Depending upon the severity of your muscular dystrophy disability, you may be a good candidate for SSD benefits. Ask your doctor what his/her opinion is regarding your employability. If your doctor doesn’t think you can maintain regular full-time employment without significant accommodations, you should contact a Florida SSD attorney at our firm for help with applying for SSD benefits.
While there are numerous conditions that can affect your ability to work, muscular dystrophy tends to be one of the more disabling conditions. This is because the condition affects your muscles, causing physical limitations. Also, because this condition is progressive and does not have a cure, it is likely that at some point after being diagnosed, your disorder will progress to a point where you are not physically capable of getting up and going to work every day. If you find yourself in this position, the SSD program may be the right fit for you.

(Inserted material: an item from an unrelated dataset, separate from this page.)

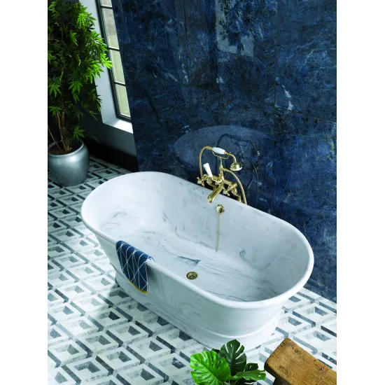 BC Designs Bampton Oval Freestanding Bath with Plinth 1555mm x 740mm - No Waste - Marble
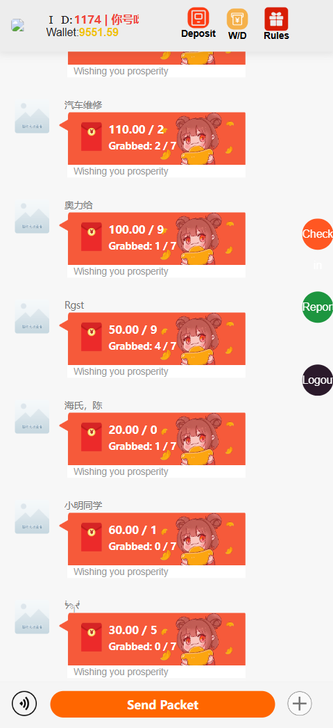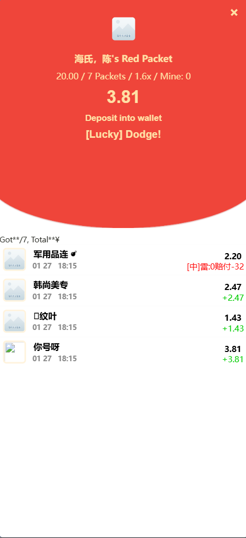 红包游戏:完整的扫雷游戏逻辑,支持自定义红包金额、雷数规则。

It is highly recommended that you contact a Florida SSD attorney with the LaBovick Law Group to help you apply for SSD benefits. Using an attorney can oftentimes help speed up your claim because an experienced attorney knows the process and knows how to present the case to the SSA. However, keep in mind no one has any control over how long it takes the SSA to come to a conclusion on your case. You can take steps to make it easier for the SSA to approve your case in the hope that the agency will approve it faster, but no one can control how long the SSA will take to make a decision on your muscular dystrophy disability claim.